Precision, Recall and F1 Score are calculated: \[Precision = {{correct\_annotations \#} \over {submitted\_annotations \#}}\] \[Recall = {{correct\_annotations \#} \over {ground\_truth\_annotations \#}}\] \[F1 = {2 \times Precision \times Recall \over Precision + Recall}\]

Notes:
  1. # denotes the number.
  2. \(F1\) is used as the primary score, and \(Precision\) is used as the secondary score.
Submission
Participants can test and develop their systems on the given ground truth (validation set). Please name your submission files as YOURTEAM_DATASET_TASK.csv.

Column Type Annotation using Schema.org terms (R1-SOTAB-CTA-SCH)

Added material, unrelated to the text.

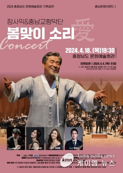 (케이엠뉴스) 소리꾼 장사익, 뮤지컬 배우 김보경, 소프라노 최정원, 색소포니스트 장호진이 음악으로 봄 소식을 전하기 위해 충남 내포신도시를 찾는다.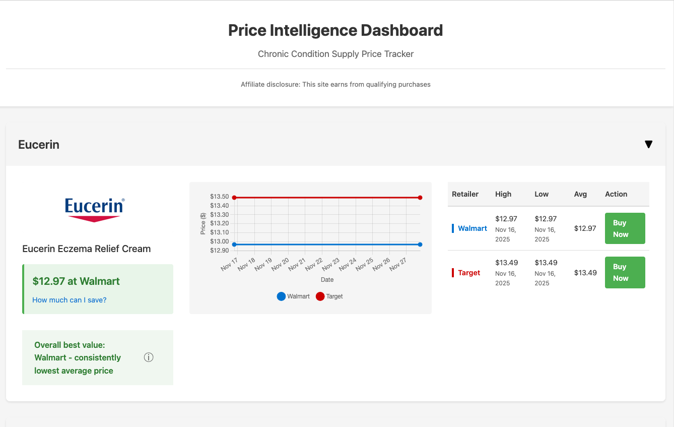 Price History Companion helps consumers take control of purchasing decisions by tracking actual price history across major retailers. Instead of relying on retailer "sale" claims or algorithmic pricing manipulation, users build their own intelligence about what products really cost over time. The system compares current prices against historical averages to reveal when a "deal" is genuine versus artificially created. This is especially valuable for people with chronic conditions who need specific products regularly—giving them the confidence to buy strategically rather than reactively based on marketing perception.

R1-SOTAB-CTA-SCH is a task of ISWC 2023 "Semantic Web Challenge on Tabular Data to Knowledge Graph Matching". It is based on the WDC-SOTAB benchmark. The goal is to annotate table columns with pre-defined terms from the Schema.org vocabulary.

Task Description

In this task, the goal is to annotate the semantic types of table columns using terms from a pre-defined set of Schema.org terms. The problem is formulated as a multi-class classification problem where each column can be annotated with only one type. The set of pre-defined Schema.org terms consists of 40 terms which are listed in the "cta_labels_round1.txt" file. Examples include telephone, Duration or Place/name.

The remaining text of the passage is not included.